(Stored data)
╭──
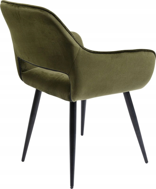 Miękka w dotyku tapicerka z łatwych w pielęgnacji włókien syntetycznych w modnym, ciemnozielonym kolorze pięknie komponuje się z drewnem i naturalnymi barwami wnętrz.
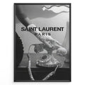 Fashion Plakat | Saint Laurent Glamour Art Featuring Glitter Phone and Elegant Hand Plakaty.dk | Black-and-white image of a sparkling vintage rotary phone being held by a glittering, elegant hand, with "SAINT LAURENT PARIS" overlaid in bold text.
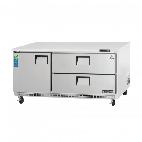 Drawered Undercounter/Worktop Refrigerator, two-section, 71-1/8"W, 22.0 cu. ft. capacity, self-contained rear mounted refrigeration, 16 gauge stainless steel worktop, (1) solid hinged self-closing door (locking), (2) heavy duty drawers, (2) epoxy coated wire shelves, height adjustable clips, digital controls with LED display, auto defrost, front air breathing, pressure relief port, stainless steel interior, stainless steel front & sides, galvanized steel bottom & rear, (4) 5" swivel casters (2 locking), R290 Hydrocarbon refrigerant, 1/3 HP, 115v/60/1-ph, 3.7 amps, cord, NEMA 5-15P, NSF, cETLus, ETL-Sanitation (drawer pans not included)
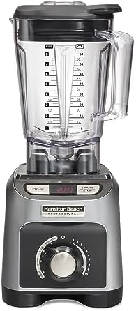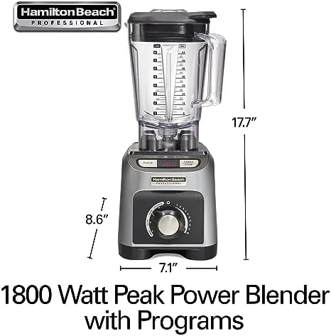 Bring commercial quality performance to your kitchen countertop with the Hamilton Beach professional 1800-watt blender with 64 oz BPA-free jar & 4 programs.
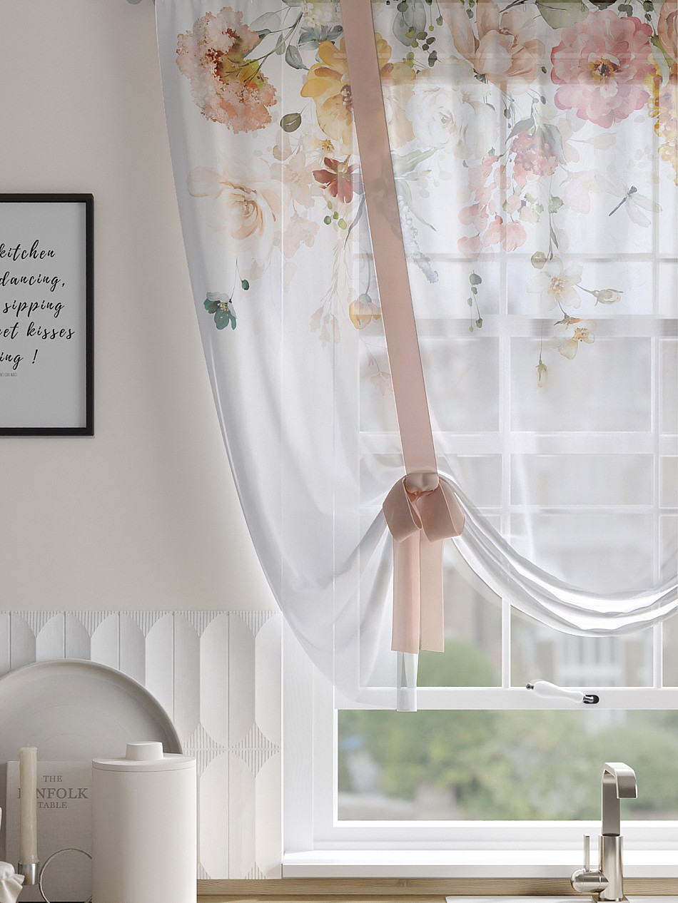 ВыбратьТюль 1 шт. Легкий, мягкий тюль из вуали оформлен фотопечатью, дополнен отделкой в виде декоративных завязок. Тюль имитирует римскую штору. Подъем и опускание осуществляется за счет декоративных лент. Вуаль с матовой полупрозрачной текстурой. Отличается особым шиком, идеально подходит для создания воздушных штор. Придает ощущение свежести, хорошо пропускает воздух. Ткань неприхотлива в уходе, хорошо стирается без разрушения волокон с течением времени за счет высокого кручения нитей.
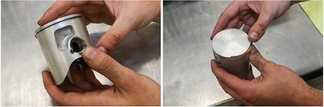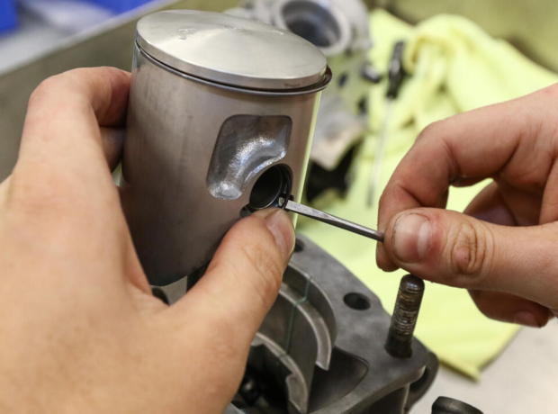Pro tip: You can temporarily put the wrist pin in and use it as a backstop so that the circlip is going to be forced to move into its groove. We recommend you install the circlip with the use of your hands, to lessen the chances of any deformation.
╰──
# [Problem statement]
With the pictures omitted, restate every entry above word for word.

# [Result below]
 Miękka w dotyku tapicerka z łatwych w pielęgnacji włókien syntetycznych w modnym, ciemnozielonym kolorze pięknie komponuje się z drewnem i naturalnymi barwami wnętrz.
 Fashion Plakat | Saint Laurent Glamour Art Featuring Glitter Phone and Elegant Hand Plakaty.dk | Black-and-white image of a sparkling vintage rotary phone being held by a glittering, elegant hand, with "SAINT LAURENT PARIS" overlaid in bold text.
 Drawered Undercounter/Worktop Refrigerator, two-section, 71-1/8"W, 22.0 cu. ft. capacity, self-contained rear mounted refrigeration, 16 gauge stainless steel worktop, (1) solid hinged self-closing door (locking), (2) heavy duty drawers, (2) epoxy coated wire shelves, height adjustable clips, digital controls with LED display, auto defrost, front air breathing, pressure relief port, stainless steel interior, stainless steel front & sides, galvanized steel bottom & rear, (4) 5" swivel casters (2 locking), R290 Hydrocarbon refrigerant, 1/3 HP, 115v/60/1-ph, 3.7 amps, cord, NEMA 5-15P, NSF, cETLus, ETL-Sanitation (drawer pans not included)
 Bring commercial quality performance to your kitchen countertop with the Hamilton Beach professional 1800-watt blender with 64 oz BPA-free jar & 4 programs.
 ВыбратьТюль 1 шт. Легкий, мягкий тюль из вуали оформлен фотопечатью, дополнен отделкой в виде декоративных завязок. Тюль имитирует римскую штору. Подъем и опускание осуществляется за счет декоративных лент. Вуаль с матовой полупрозрачной текстурой. Отличается особым шиком, идеально подходит для создания воздушных штор. Придает ощущение свежести, хорошо пропускает воздух. Ткань неприхотлива в уходе, хорошо стирается без разрушения волокон с течением времени за счет высокого кручения нитей.
Pro tip: You can temporarily put the wrist pin in and use it as a backstop so that the circlip is going to be forced to move into its groove. We recommend you install the circlip with the use of your hands, to lessen the chances of any deformation.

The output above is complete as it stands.